Work task
Copy exactly the lines starting at the one that contains "British Army Royal" and running through the end of the material below. Exclude any pictures.
─── Data provided ───
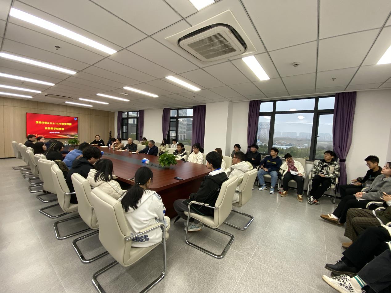 随后,各年级信息员将从班上收集到的同学近期在学习上的困惑或困难,和与会师生进行了交流。大一同学刚进入老员工活,对公司的各专业课程设置等情况以及大类分流政策还有些迷茫,且马上就要参加进入老员工活后的第一次期末考,有些同学还是感到有些压力。大二同学希望能够进一步了解公司老师们的研究方向以及所主持的研究课题,从而能更好规划自己如何参与到老师项目中,同时还希望有更多的途经认识学长学姐,汲取更多的学习经验。大三同学对于实习岗位问题更为关注,希望公司能推荐一些有用的专业技能证书,并且请一些已经毕业的学长学姐来进行考公考研的经验分享。大四同学因很多已在校外实习,针对公司的部分紧急通知,很难及时响应,同时对公司的毕设选题系统提出了一些改进意见。
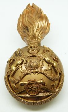 British Army Royal Artillery officer's Victorian gilt busby grenade plume holder
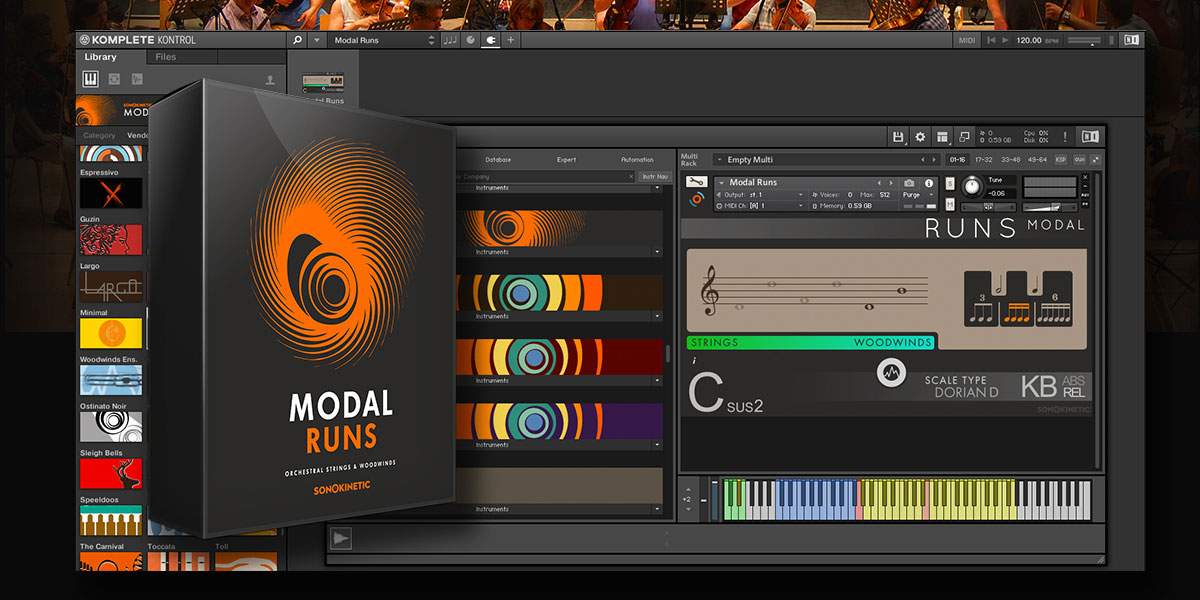 『Modal Runs』は、ストリングスと木管楽器によるスケール・ラン(音階を駆け上がる/駆け下りるフレーズ)を、かつてないほど直感的に演奏できるKontaktライブラリです。従来のマルチサンプル音源でリアルなランを再現するのは難しく、熟練のピアニストでなければ高速な演奏は困難でした。本製品は、誰でも簡単に高速でリアルなランを演奏できるよう制作されています。
───
Solution
 British Army Royal Artillery officer's Victorian gilt busby grenade plume holder
 『Modal Runs』は、ストリングスと木管楽器によるスケール・ラン(音階を駆け上がる/駆け下りるフレーズ)を、かつてないほど直感的に演奏できるKontaktライブラリです。従来のマルチサンプル音源でリアルなランを再現するのは難しく、熟練のピアニストでなければ高速な演奏は困難でした。本製品は、誰でも簡単に高速でリアルなランを演奏できるよう制作されています。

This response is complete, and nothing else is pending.